(Records contained in a dataset)
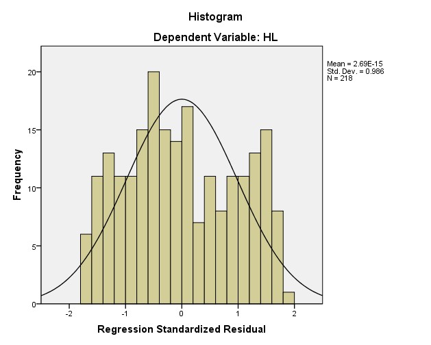 Phần dư có thể không tuân theo phân phối chuẩn vì những lý do như: sử dụng sai mô hình, phương sai không phải là hằng số, số lượng các phần dư không đủ nhiều để phân tích... Vì vậy, chúng ta cần thực hiện nhiều cách khảo sát khác nhau. Một cách khảo sát đơn giản nhất là xây dựng biểu đồ tần số của các phần dư Histogram. Theo hình 4.6 cho thấy giá trị trung bình của các quan sát (Mean) xấp xỉ bằng 0 và độ lệch chuẩn (Std.Dev): 0.986 (xấp xỉ 1), vì thế phân phối phần dư xấp xỉ chuẩn. Do đó, có thể kết luận rằng: Giả thiết phân phối chuẩn của phần dư không bị vi phạm.
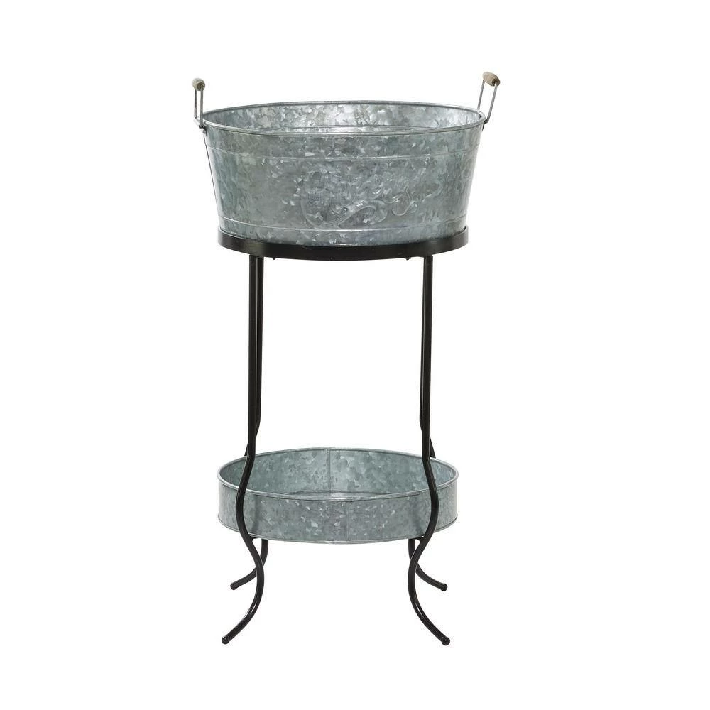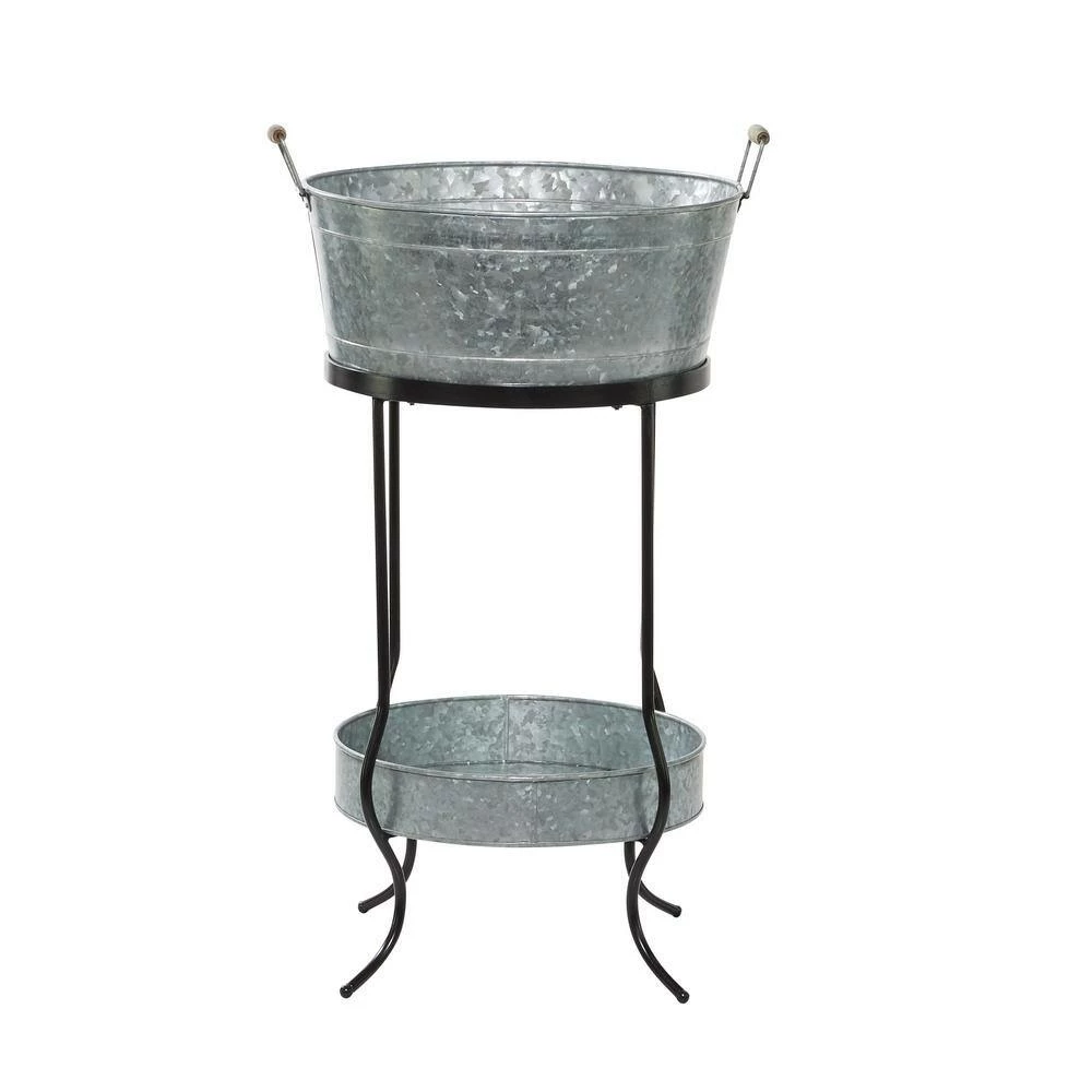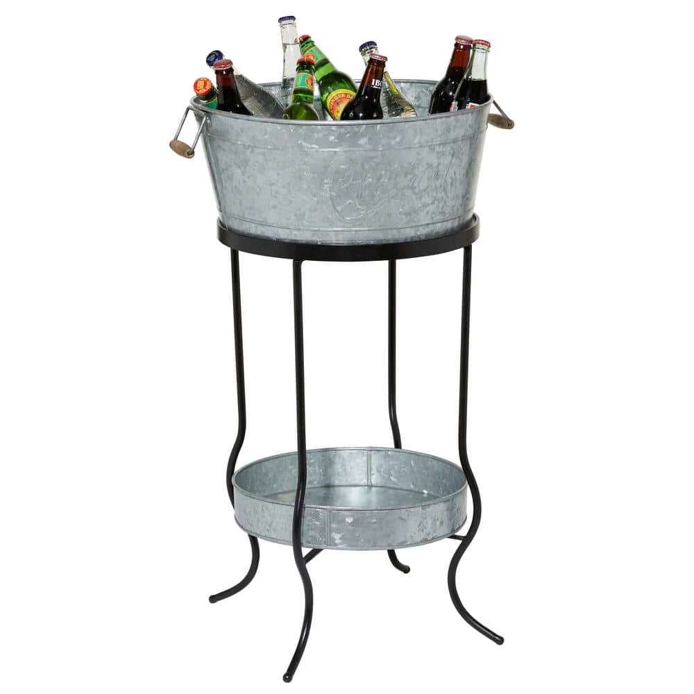 - Gray galvanized bucket cooler features a bottom tray held by curved leg stands
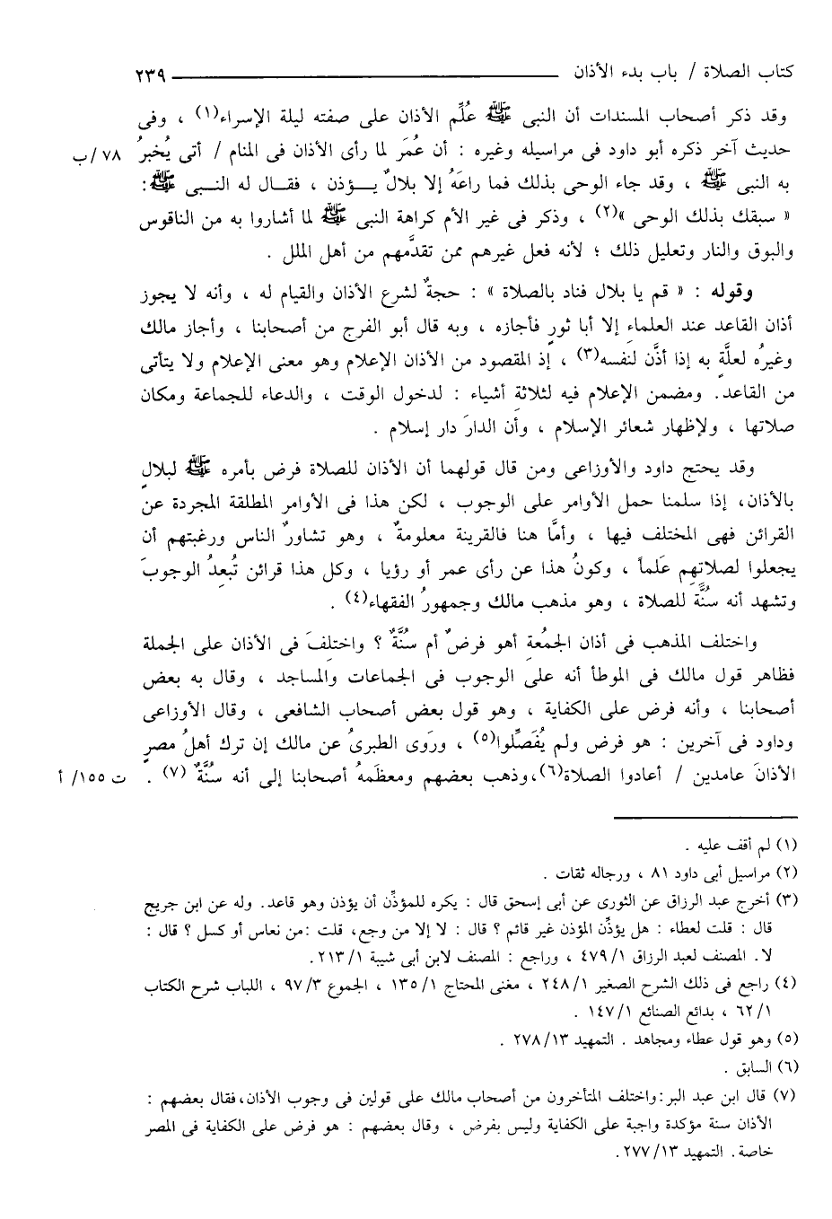 (¬7) قال ابن عبد البر: واختلف المتأخرون من أصحاب مالك على قولين فى وجوب الأذان، فقال بعضهم: الأذان سنة مؤكدة واجبة على الكفاية وليس بفرض، وقال بعضهم: هو فرض على الكفاية فى المصر خاصة. التمهيد 13/ 277.
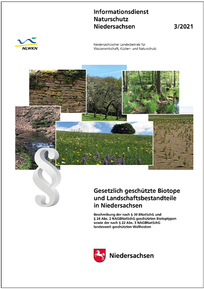 NIEDERSÄCHSISCHER LANDESBETRIEB FÜR WASSERWIRTSCHAFT, KÜSTEN- UND NATURSCHUTZ (NLWKN) (Hrsg.) (2021): Gesetzlich geschützte Biotope und Landschaftsbestandteile in Niedersachsen. – Beschreibung der nach § 30 BNatSchG und § 24 Abs. 2 NAGBNatSchG geschützten Biotoptypen sowie der nach § 22 Abs. 3 NAGBNatSchG landesweit geschützten Wallhecken. – Inform.d. Naturschutz Niedersachs. 40 (3) (3/21): 125-172.
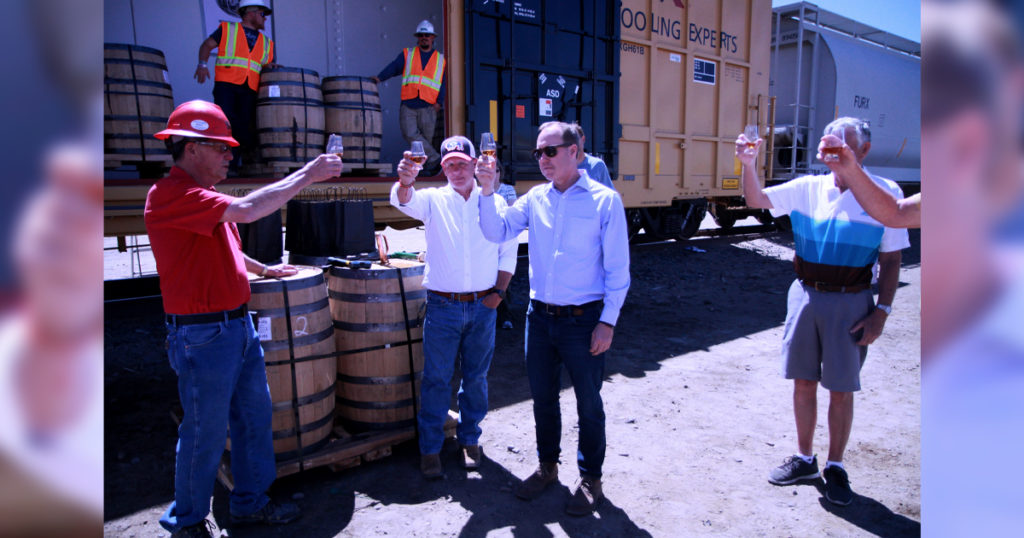 Eighty barrels of whiskey distilled in southern Indiana was moved to a warehouse in Chicago, IL and stored there for five years, according to Wason. Those barrel then made their way to Wyoming by railcar and dropped at the JBT freight yard on Blairtown Road. From there, crews reloaded the barrels onto new cars in the freight yard where they were transferred to Saratoga for one last round of aging.

▶ _WORK REQUEST_: Whenever a picture appears, leave it out, and return every record exactly.

▶ _ANSWER_:
 Phần dư có thể không tuân theo phân phối chuẩn vì những lý do như: sử dụng sai mô hình, phương sai không phải là hằng số, số lượng các phần dư không đủ nhiều để phân tích... Vì vậy, chúng ta cần thực hiện nhiều cách khảo sát khác nhau. Một cách khảo sát đơn giản nhất là xây dựng biểu đồ tần số của các phần dư Histogram. Theo hình 4.6 cho thấy giá trị trung bình của các quan sát (Mean) xấp xỉ bằng 0 và độ lệch chuẩn (Std.Dev): 0.986 (xấp xỉ 1), vì thế phân phối phần dư xấp xỉ chuẩn. Do đó, có thể kết luận rằng: Giả thiết phân phối chuẩn của phần dư không bị vi phạm.
 - Gray galvanized bucket cooler features a bottom tray held by curved leg stands
 (¬7) قال ابن عبد البر: واختلف المتأخرون من أصحاب مالك على قولين فى وجوب الأذان، فقال بعضهم: الأذان سنة مؤكدة واجبة على الكفاية وليس بفرض، وقال بعضهم: هو فرض على الكفاية فى المصر خاصة. التمهيد 13/ 277.
 NIEDERSÄCHSISCHER LANDESBETRIEB FÜR WASSERWIRTSCHAFT, KÜSTEN- UND NATURSCHUTZ (NLWKN) (Hrsg.) (2021): Gesetzlich geschützte Biotope und Landschaftsbestandteile in Niedersachsen. – Beschreibung der nach § 30 BNatSchG und § 24 Abs. 2 NAGBNatSchG geschützten Biotoptypen sowie der nach § 22 Abs. 3 NAGBNatSchG landesweit geschützten Wallhecken. – Inform.d. Naturschutz Niedersachs. 40 (3) (3/21): 125-172.
 Eighty barrels of whiskey distilled in southern Indiana was moved to a warehouse in Chicago, IL and stored there for five years, according to Wason. Those barrel then made their way to Wyoming by railcar and dropped at the JBT freight yard on Blairtown Road. From there, crews reloaded the barrels onto new cars in the freight yard where they were transferred to Saratoga for one last round of aging.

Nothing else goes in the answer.